Re: [PATCH] sched: psi: fix unprivileged polling against cgroups

From: Suren Baghdasaryan
Date: Thu Oct 26 2023 - 12:55:40 EST


On Thu, Oct 26, 2023 at 9:49 AM Luca Boccassi <bluca@xxxxxxxxxx> wrote:
>
> On Thu, 26 Oct 2023 at 17:41, Johannes Weiner <hannes@xxxxxxxxxxx> wrote:
> >
> > 519fabc7aaba ("psi: remove 500ms min window size limitation for
> > triggers") breaks unprivileged psi polling on cgroups.
> >
> > Historically, we had a privilege check for polling in the open() of a
> > pressure file in /proc, but were erroneously missing it for the open()
> > of cgroup pressure files.
> >
> > When unprivileged polling was introduced in d82caa273565 ("sched/psi:
> > Allow unprivileged polling of N*2s period"), it needed to filter
> > privileges depending on the exact polling parameters, and as such
> > moved the CAP_SYS_RESOURCE check from the proc open() callback to
> > psi_trigger_create(). Both the proc files as well as cgroup files go
> > through this during write(). This implicitly added the missing check
> > for privileges required for HT polling for cgroups.
> >
> > When 519fabc7aaba ("psi: remove 500ms min window size limitation for
> > triggers") followed right after to remove further restrictions on the
> > RT polling window, it incorrectly assumed the cgroup privilege check
> > was still missing and added it to the cgroup open(), mirroring what we
> > used to do for proc files in the past.
> >
> > As a result, unprivileged poll requests that would be supported now
> > get rejected when opening the cgroup pressure file for writing.

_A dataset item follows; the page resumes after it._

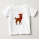 Un reno de nariz roja adorable con corbata de arco adorna esta camiseta blanca. Una linda camisa de Navidad para un bebé, este diseño también está disponible en un bib y una manta para bebés para completar el juego de regalos.

Ah, I see the problem. In our discussion
https://lore.kernel.org/all/ZADj4YX4uftK%2FFrh@xxxxxxxxxxx/ we decided
to have the check in open() to fail early but we never considered
unprivileged processes which only poll and never create any triggers.
Makes sense.

> >
> > Remove the cgroup open() check. psi_trigger_create() handles it.
> >
> > Fixes: 519fabc7aaba ("psi: remove 500ms min window size limitation for triggers")
> > Cc: stable@xxxxxxxxxxxxxxx # 6.5+
> > Reported-by: Luca Boccassi <bluca@xxxxxxxxxx>
> > Signed-off-by: Johannes Weiner <hannes@xxxxxxxxxxx>
>
> Acked-by: Luca Boccassi <bluca@xxxxxxxxxx>

Acked-by: Suren Baghdasaryan <surenb@xxxxxxxxxx>

>
> Thank you very much for the quick fix - this was reported originally
> on the systemd bug tracker by Daniel Black (I do not have an email
> address):
>
> https://github.com/systemd/systemd/issues/29723
>
> It is very important for systemd services to be able to do this
> without capabilities, as using capabilities means in turn user
> namespaces cannot be used (PrivateUsers=yes in systemd parlance).
>
> Kind regards,
> Luca Boccassi